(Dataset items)
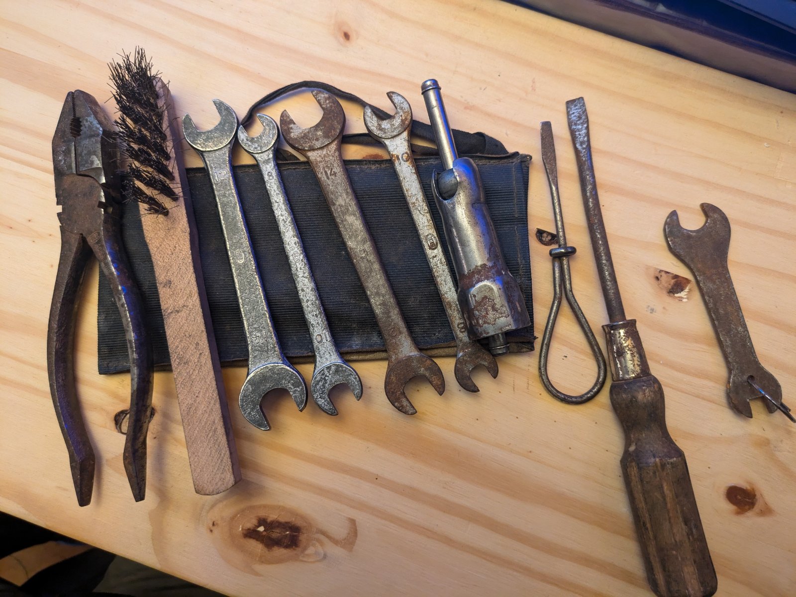Les clefs ainsi que celle à bougies sont de l'outillage fournit à l'origine d'époque dans l'étui en toile de capote. La pince, les tourne vis, la brosse et la clef plates avec l'anneau je ne sais pas. Celui avec le manche en bois est trop long pour la pochette.
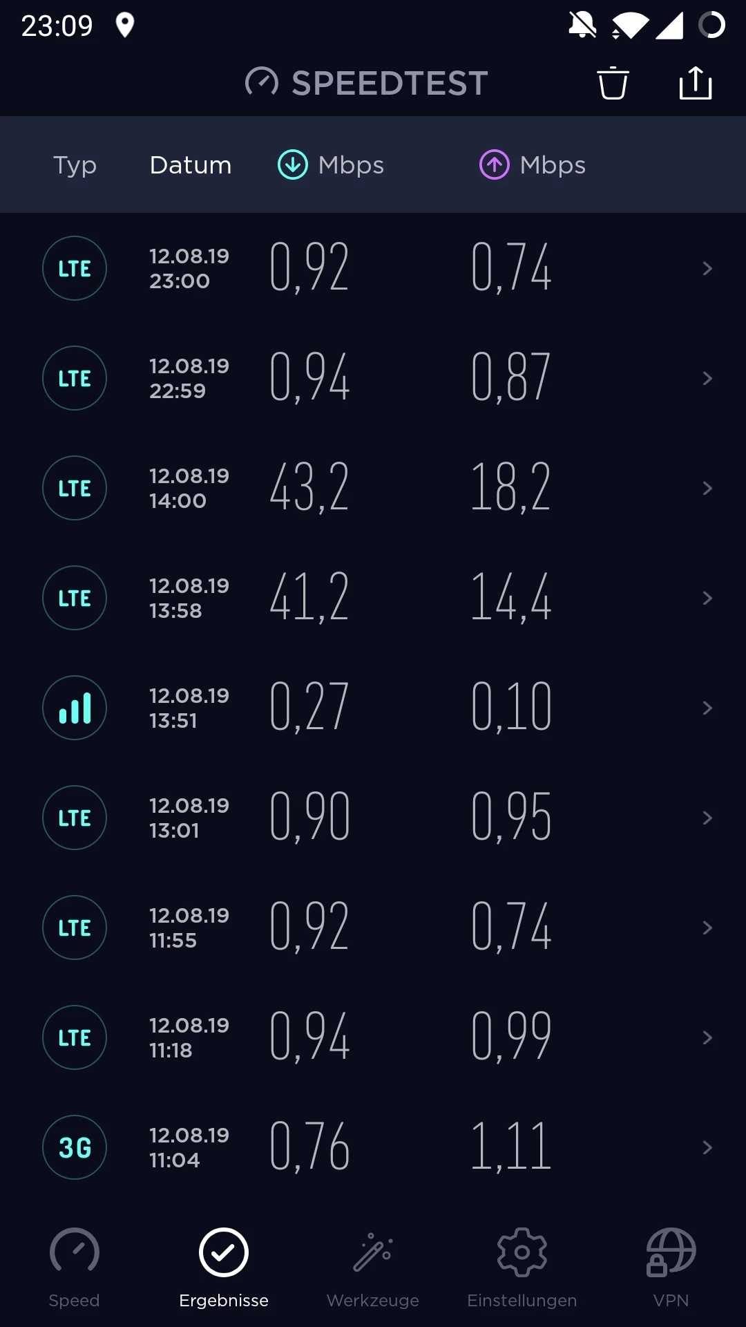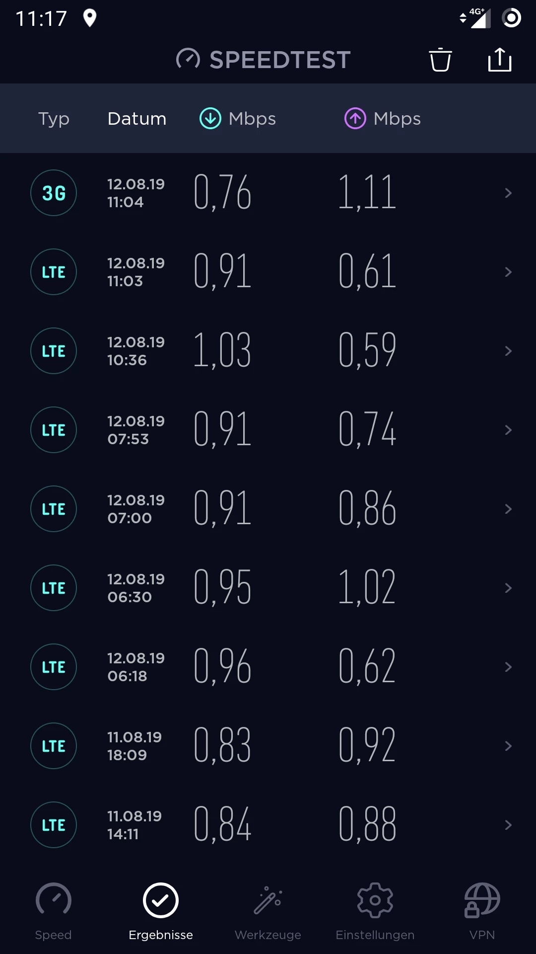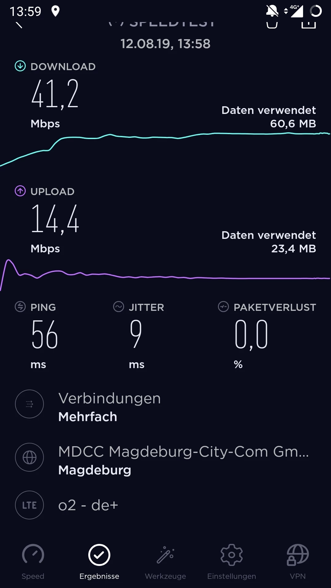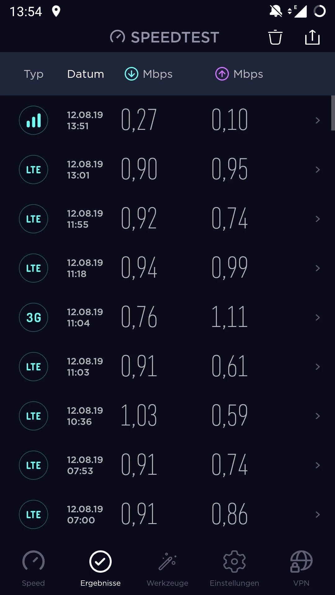 Habe ich getan, keine Veränderung. es pegelt sich bei 0,9 ein. Datenvolumen waren vorher 4 GB. ab 14-15 Uhr habe ich manchmal volle Leistung. Das langsame Internet habe ich an unterschiedlichen Standorten. Ich war schon vor 14.00 Uhr im O2 Shop (vor dem Termin als ich schnelles Internet hatte). Der Mitarbeiter vor Ort hat die geringe Datenleistung gesehen und meinte, dass es wie eine Drosselung scheint. Ich kann aber nicht jeden Tag in den Laden gehen. Speedtest mache ich seit kurzem regelmäßig. Ich schicke noch mal einen screenshot.
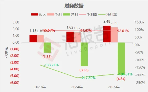 净利分别约为美元-1.53亿、-3.53亿、-4.84亿,2025年同比+36.96%;
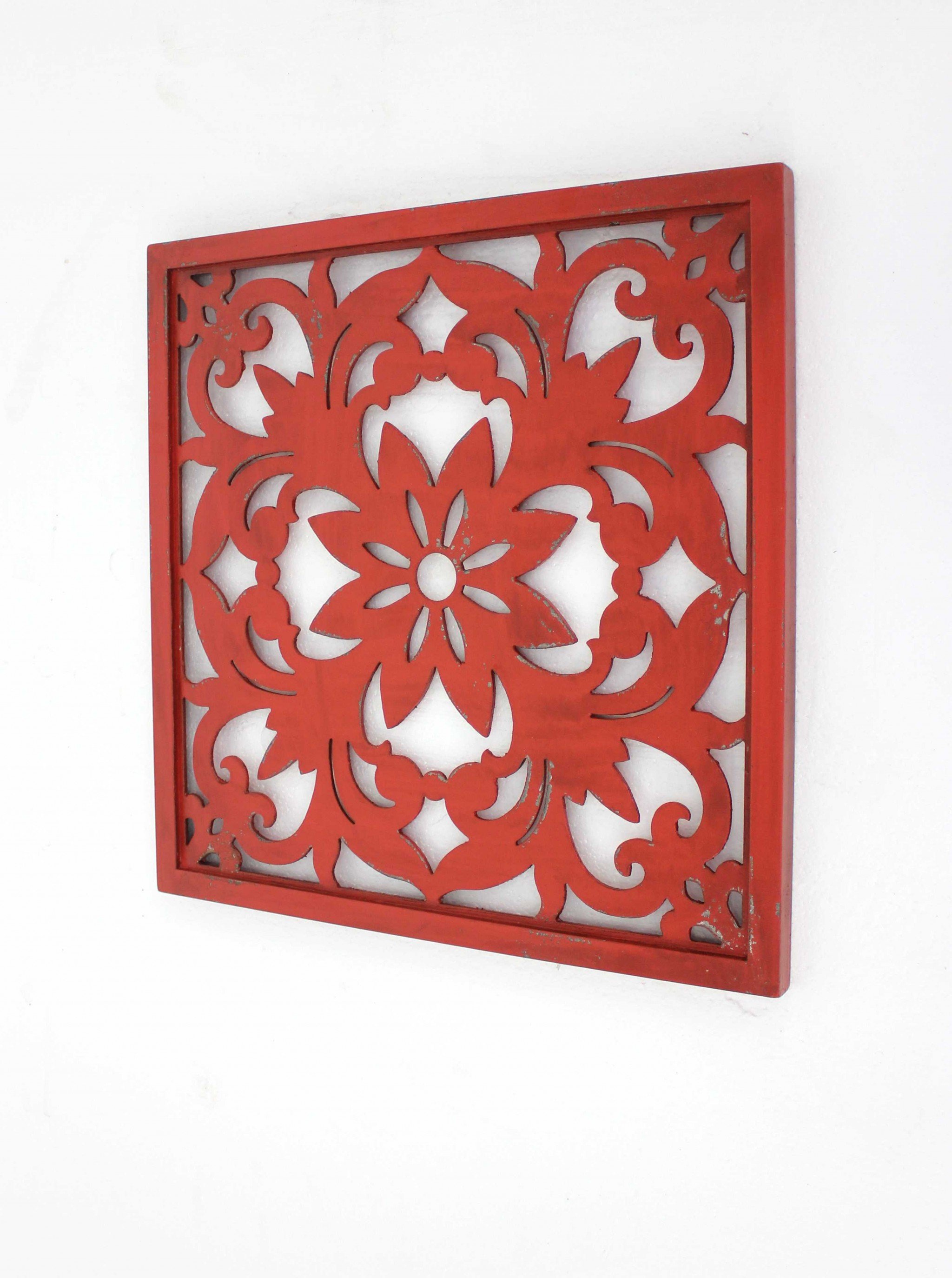 enjoy the decorative prowess of this vintage style wall plaque as it complements every detail of your home decor. our wall plaque is beautifully crafted from top-quality wood and durable metal that will enable long-lasting aesthetic and stylish performance in your living space. this wall art features floral sculptural pattern with its frame complemented with a red finish. this piece comes in an antique style that will sync elegantly with every decor in your home whether in the living room, hallway, dining room or garden. with its vintage touch and glamorous appearance, let our chic wall plaque completely transform your beautiful living space in grand style. - vintage collection - red finish - floral sculptural pattern - square shaped
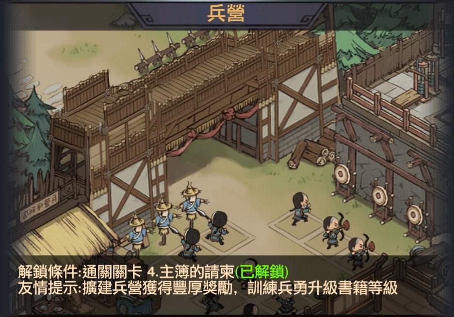 | 軍營等級 | 單次徵募人數 | 每日兵勇收益 | 擴建費用(單項目)(軍餉) | 擴建獎勵 | 升下級最少要花費時間 |

> **Exercise**
Leave out the pictures and return, exactly as written, only the lines from the line with "enjoy the decorative" through the end of the records above.

> **Written answer**
 enjoy the decorative prowess of this vintage style wall plaque as it complements every detail of your home decor. our wall plaque is beautifully crafted from top-quality wood and durable metal that will enable long-lasting aesthetic and stylish performance in your living space. this wall art features floral sculptural pattern with its frame complemented with a red finish. this piece comes in an antique style that will sync elegantly with every decor in your home whether in the living room, hallway, dining room or garden. with its vintage touch and glamorous appearance, let our chic wall plaque completely transform your beautiful living space in grand style. - vintage collection - red finish - floral sculptural pattern - square shaped
 | 軍營等級 | 單次徵募人數 | 每日兵勇收益 | 擴建費用(單項目)(軍餉) | 擴建獎勵 | 升下級最少要花費時間 |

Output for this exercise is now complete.